Baca berita dengan sedikit iklan, klik di sini

Arsip

Dibayangi Defisit Emas

Meski harganya masih relatif tinggi, permintaan emas diperkirakan terus meningkat yang mendorong kenaikan impor.

8 Mei 2023 | 00.00 WIB

Image of Tempo
Perbesar

Baca berita dengan sedikit iklan, klik di sini

Poin penting

  • Nilai dan volume impor emas Indonesia lebih tinggi ketimbang ekspornya.

  • Impor emas Indonesia terus meningkat sejak 2021.

  • Di tengah kenaikan permintaan, pedagang emas digital diminta menebalkan cadangan.

JAKARTA – Angin segar perdagangan emas global tak serta-merta memperbaiki neraca perdagangan emas domestik. Direktur Center of Economic and Law Studies (Celios), Bhima Yudhistira Adhinegara, mengatakan tren kenaikan ekspor perhiasan dan logam mulia belum mengalahkan kebutuhan impornya. “Masih ada defisit dan bisa melebar bila kebutuhan emas dalam negeri meningkat,” katanya kepada Tempo, kemarin.

Baca berita dengan sedikit iklan, klik di sini

Di sela krisis perbankan Amerika Serikat dan kebijakan kenaikan suku bunga acuan menjadi 5,25 persen oleh bank sentral AS, The Fed, harga emas global menyundul rekor tertinggi US$ 2.050 per troi ons pada pekan lalu. Situs web perdagangan emas PT Aneka Tambang Tbk (Antam), Logammulia.com, pun menunjukkan harga 1 gram emas batangan produksi Antam sempat menembus Rp 1,07 juta pada awal April lalu dan bertahan di kisaran Rp 1,05 juta hingga kemarin.

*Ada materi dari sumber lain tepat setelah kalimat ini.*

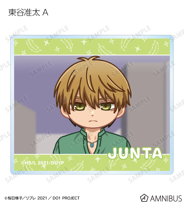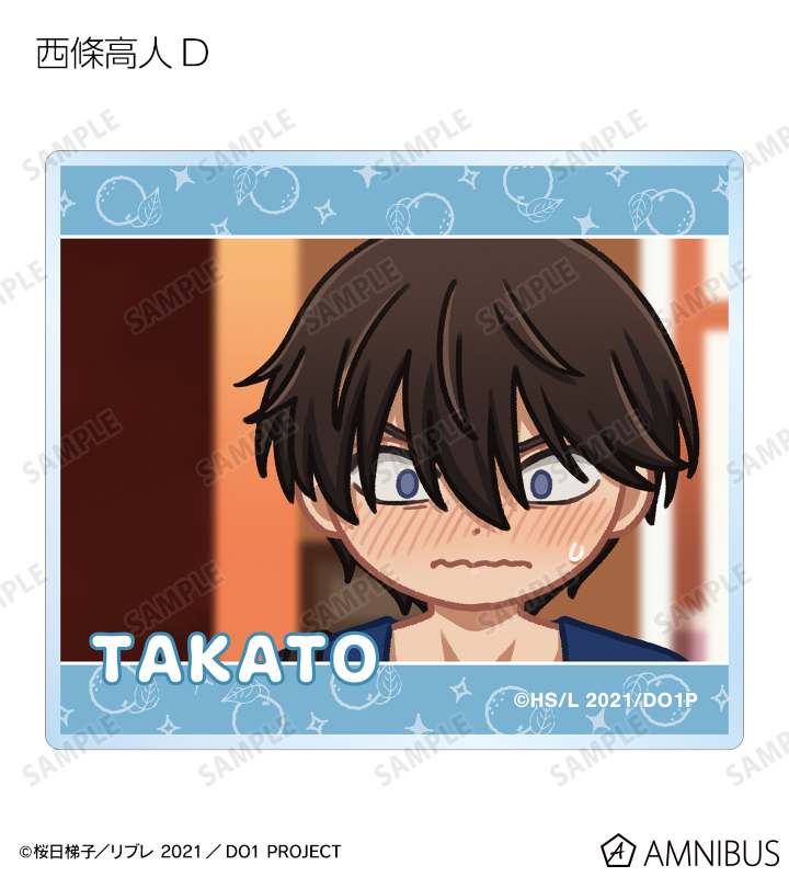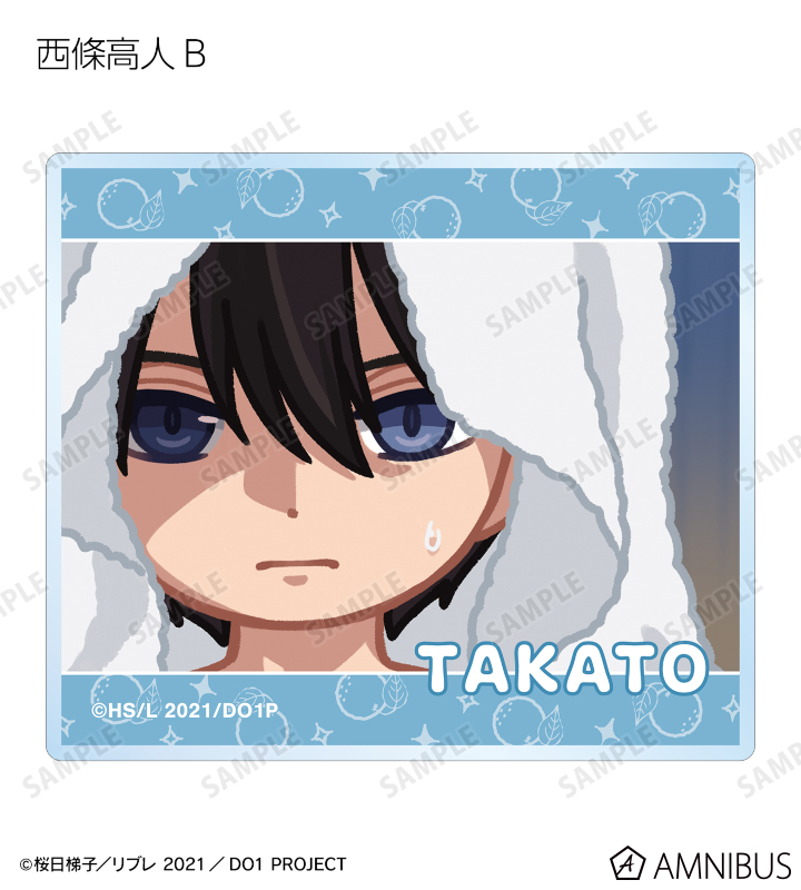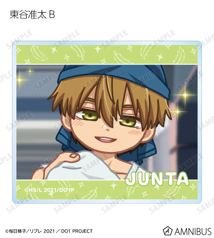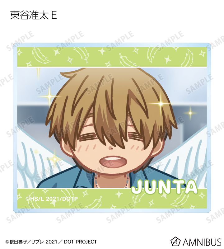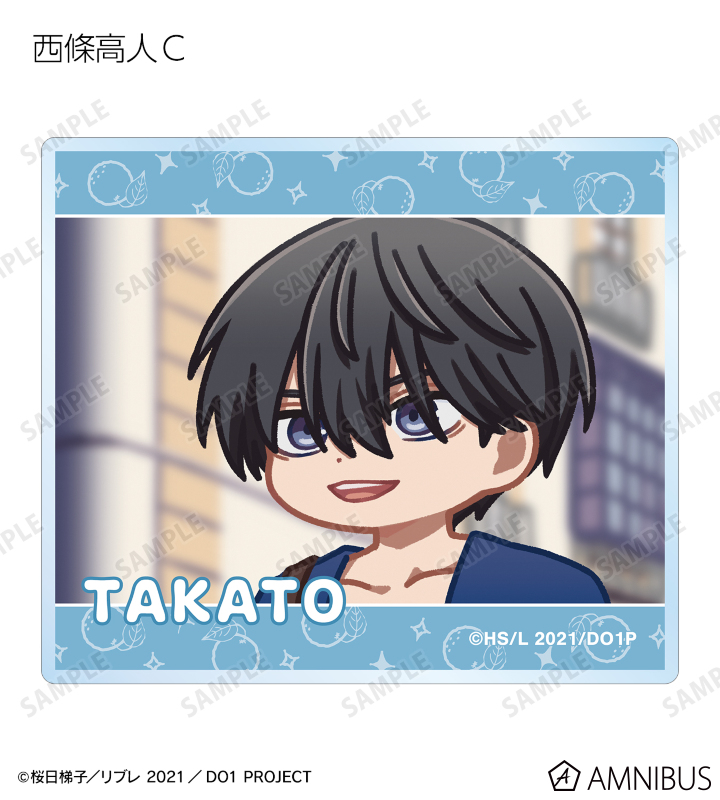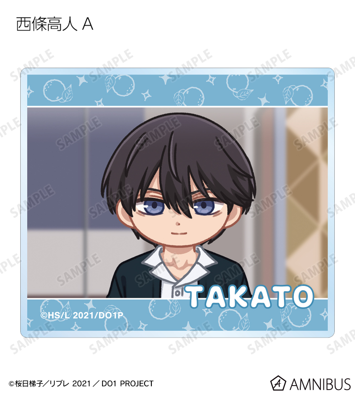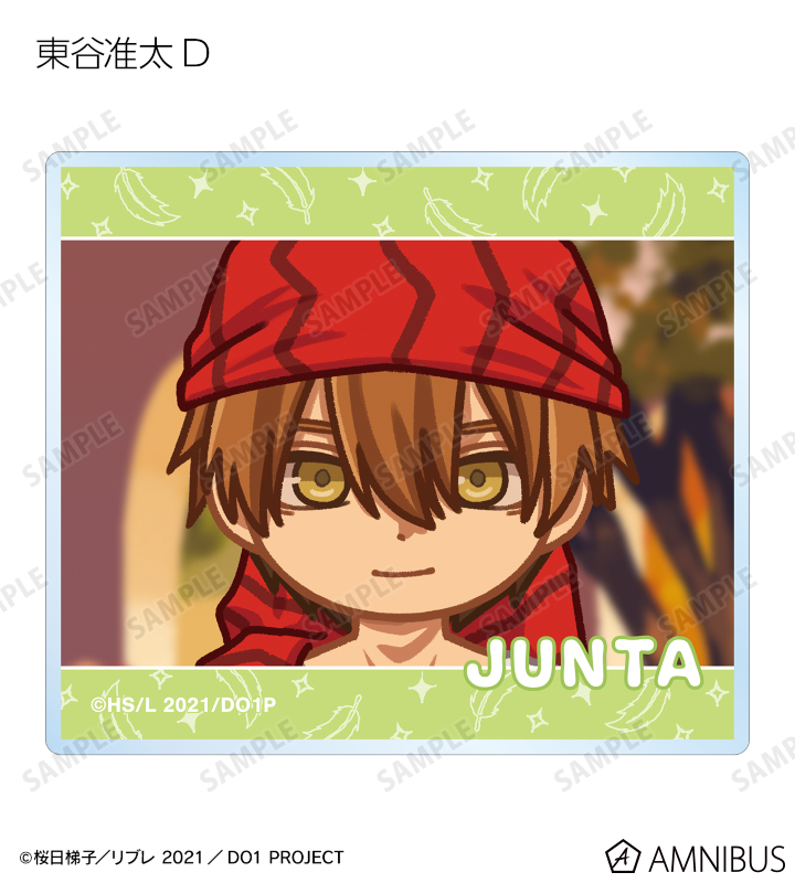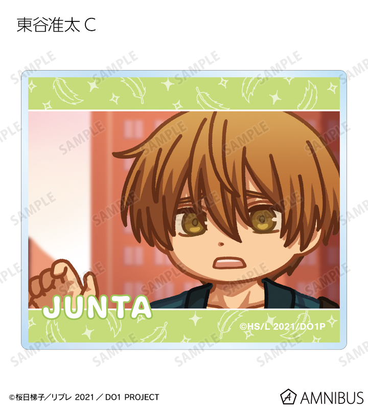 東谷准太、西條高人の印象的なシーンのゆるコマイラストと東谷准太モチーフの羽根、西條高人モチーフのオレンジをアクリルカードに仕上げました。

Baca berita dengan sedikit iklan, klik di sini

Bila tekanan ekonomi global terus berlanjut, Bhima memperkirakan harga emas bisa menembus US$ 2.100 per troi ons hingga akhir tahun ini. Sentimen tersebut mendukung kinerja perusahaan pertambangan dan distributor. “Momentum peningkatan kapasitas produksi sehingga ekspornya lebih banyak.”

Meski begitu, Bhima melanjutkan, ketertarikan masyarakat pada emas sebagai aset safe haven atau aset yang nilainya stabil juga berpotensi mendongkrak impor. Pada September 2022 saja, nilai impor logam mulia dan perhiasan Indonesia menembus US$ 544 juta, jauh di atas nilai ekspor emas yang hanya US$ 350 juta. Angka impor barang berkode HS 71 itu juga bertambah US$ 182 juta atau naik 50,37 persen pada bulan berikutnya. Dari sisi negara asal, tambahan jumlah impor itu paling banyak datang dari Singapura, Cina, serta Afrika Selatan.

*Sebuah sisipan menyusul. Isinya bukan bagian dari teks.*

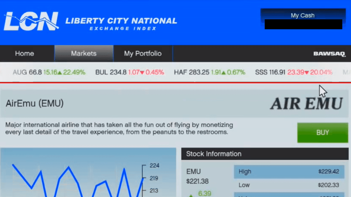 Чтобы знать, куда инвестировать, следи за событиями сюжетных миссий и квестов Лестера. Например, перед убийством на стройке лучше вложиться в Gold Coast, а до задания «Неприятности с законом» стоит прикупить акции AirEmu. После квеста сразу продай их и реинвестируй заработанное в FlyUS. Затем дождись финала поручения «Сойти с катушек» и избавься от акций по удвоенной цене!
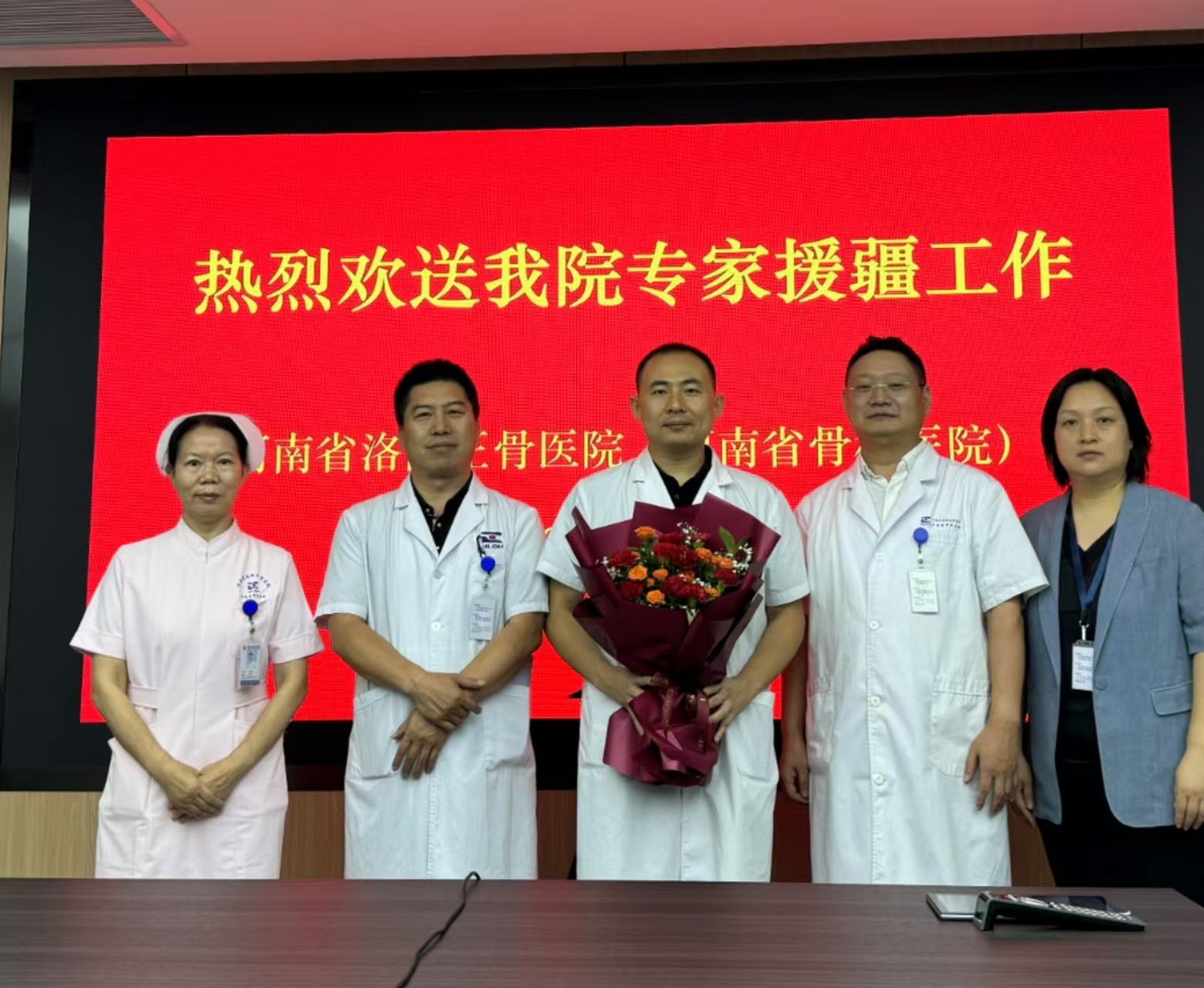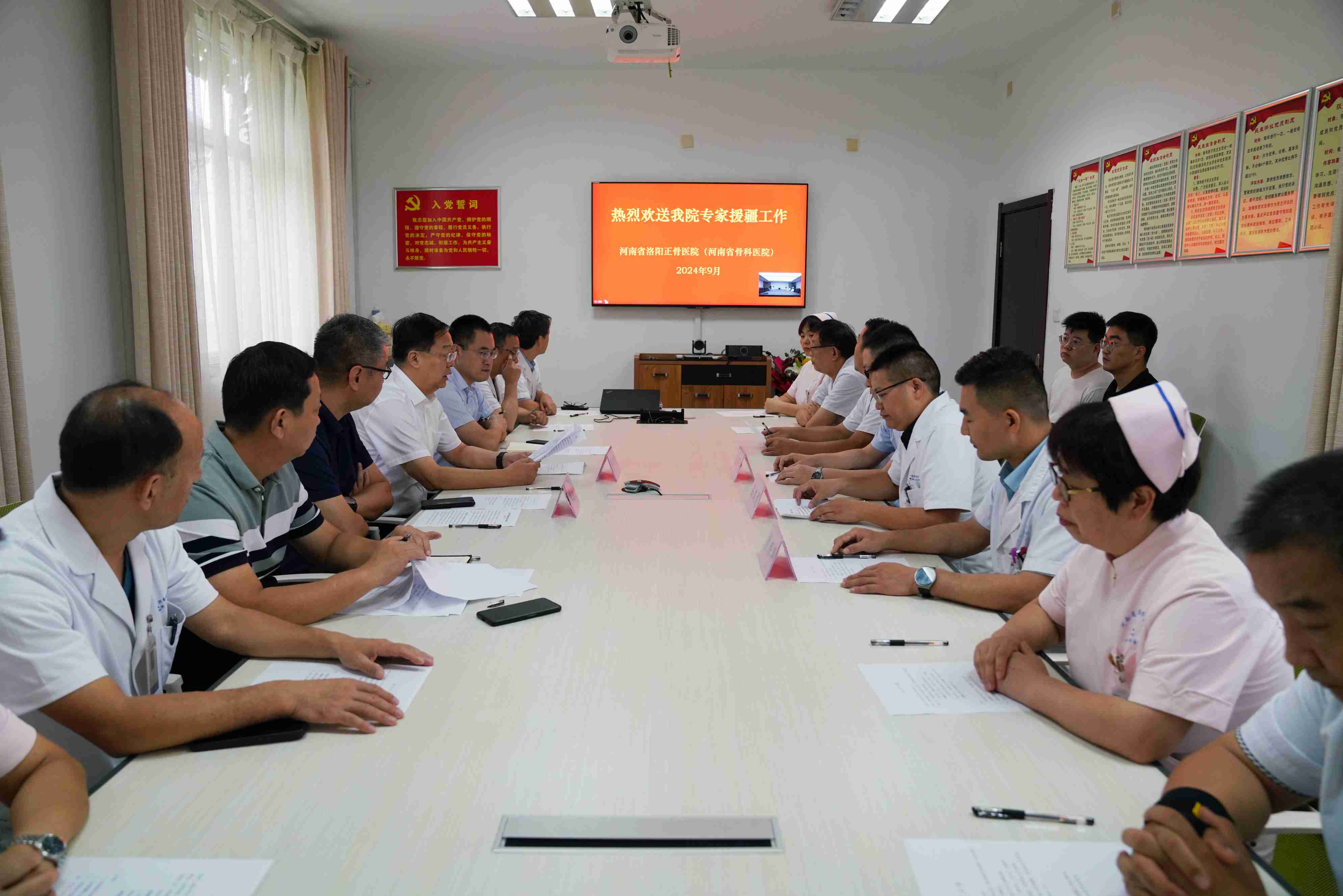 吴晓龙院长对援疆队员提出三点要求。一是要提高政治站位。援疆队员不仅代表医院,更代表河南的形象,要坚决服从我省援哈前方指挥部的工作要求和哈密市中医医院的具体安排,牢记援疆医疗的光荣使命。二是要保持业务水平。把援疆经历当作历练自己的平台,利用此次机会丰富自己的业务知识,发挥自身专业优势为当地骨伤患者提供力所能及的服务,结合当地医院实际需求全心全意开展好工作。三是要加速工作融入。尽快适应当地的工作和生活环境,确保此次援疆工作顺利完成。最后,吴晓龙院长强调各位队员在援疆期间要确保安全,期待大家光荣凯旋。

Badan Pusat Statistik (BPS) sempat melaporkan nilai ekspor komoditas logam mulia dan perhiasan sudah menyundul US$ 1,09 miliar pada April lalu. Kenaikannya mencapai 93,04 persen dibanding pada Maret 2023. Bila digabung, nilai ekspor komoditas nonmigas itu berkisar US$ 2,47 miliar pada kuartal I 2023, naik 1,10 persen dari tiga bulan pertama 2022. Nilai ini digadang-gadang berkontribusi sebesar 3,92 persen terhadap total ekspor nasional.

Pekerja melakukan proses peleburan emas di lokasi pembuatan emas Antam, Jakarta. TEMPO/Tony Hartawan

Walau belum memiliki data perbandingan terbaru, Bhima yakin volume impor emas dan produk perhiasan akan lebih tinggi. “Impor emas batangan bisa naik untuk investasi kelas menengah atas, terutama untuk berjaga-jaga dari inflasi,” katanya.

Berdasarkan data situs web Trademap.org, tren kenaikan angka impor emas Indonesia juga terjadi dari waktu ke waktu. Pada 2017, Indonesia mengimpor 26 ton emas dengan nilai US$ 1,02 juta. Setahun berikutnya, volumenya meningkat menjadi 121 ton dengan nilai US$ 2,12 juta. Setelah melandai sampai hanya sekitar 70 ton selama dua tahun, Indonesia kembali mengimpor 162 ton emas pada 2021, yang nilainya terealisasi hingga US$ 2,68 juta. 

Direktur PT TRFX Garuda Berjangka, Ibrahim Assuabi, mengatakan keseimbangan neraca dagang logam mulia itu bergantung pada kebijakan pemerintah, salah satunya kebijakan penghiliran tambang. “Selain ada peninjauan impor emas yang tak terkena pajak, seharusnya penghiliran berjalan.”

Pemerintah sebelumnya sudah mewacanakan pelarangan ekspor emas secara bertahap. Larangan ekspor mineral mentah ini sudah diterapkan untuk nikel, bauksit, timah, dan konsentrat tembaga. Pelarangan ekspor emas pun sempat berdengung pada 2021, ketika PT Freeport Indonesia (PTFI) mulai membangun smelter di Gresik, Jawa Timur. Basis pengolahan itu diperkirakan bisa memproduksi 35 ton emas per tahun dengan nilai transaksi mencapai US$ 1,8 miliar—atau bisa menembus US$ 2,7 miliar bila produksinya 50 ton. 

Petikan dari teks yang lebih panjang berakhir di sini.